PROBLEM STATEMENT: Every line of the listing below is to be repeated exactly; the pictures stay out.

SUPPLIED DATA:
□ □ □ □ □ □ □

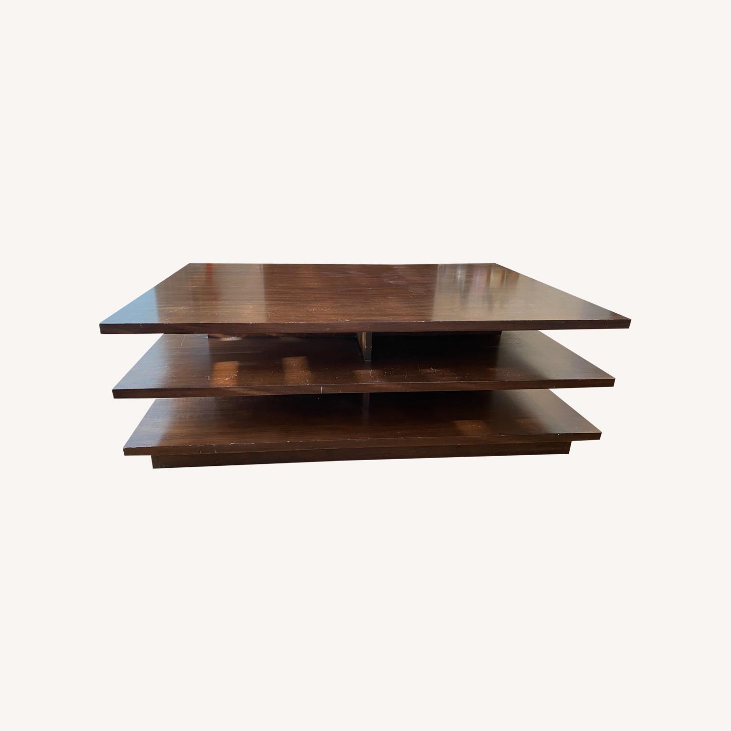 Seller's Notes:Espresso Coffee Table Crate and Barrel - Simply Modern by Blake Tovin with INCREDIBLE STORAGE. Has two drawers with handles and three layers for displaying and storing items inside. Drawer handles are currently screwed inside drawers for safety during delivery. Rolls on wheels for easy transport and movement. Has some scratches (shown) and chips (shown). Can easily be refinished or buffed out. High quality wood, sturdy and solid. Kept in a smoke-free, pet-free and kid-free house. This is perfect for a college, graduate student starting out or a young professional. This is an incredible deal on this high quality piece of furniture. I LOVE this coffee table and am only selling it because I am moving to a smaller apartment. Make a reasonable offer and I will most likely accept.
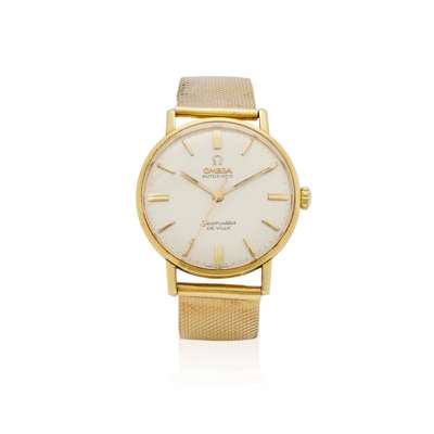Self-winding movement, silvered dial with baton indexes, 18k yellow gold circular case with SeaMaster motif to reverse, straight lugs, on associated 18k fine link bracelet. Accompanied by a red hardcase Marvin box.
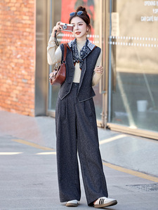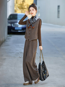 套装女2025秋季新款时尚减龄马甲打底衫阔腿裤三件套配丝巾HE5103

□ □ □ □ □ □ □

RESULT:
 Seller's Notes:Espresso Coffee Table Crate and Barrel - Simply Modern by Blake Tovin with INCREDIBLE STORAGE. Has two drawers with handles and three layers for displaying and storing items inside. Drawer handles are currently screwed inside drawers for safety during delivery. Rolls on wheels for easy transport and movement. Has some scratches (shown) and chips (shown). Can easily be refinished or buffed out. High quality wood, sturdy and solid. Kept in a smoke-free, pet-free and kid-free house. This is perfect for a college, graduate student starting out or a young professional. This is an incredible deal on this high quality piece of furniture. I LOVE this coffee table and am only selling it because I am moving to a smaller apartment. Make a reasonable offer and I will most likely accept.
Self-winding movement, silvered dial with baton indexes, 18k yellow gold circular case with SeaMaster motif to reverse, straight lugs, on associated 18k fine link bracelet. Accompanied by a red hardcase Marvin box.
 套装女2025秋季新款时尚减龄马甲打底衫阔腿裤三件套配丝巾HE5103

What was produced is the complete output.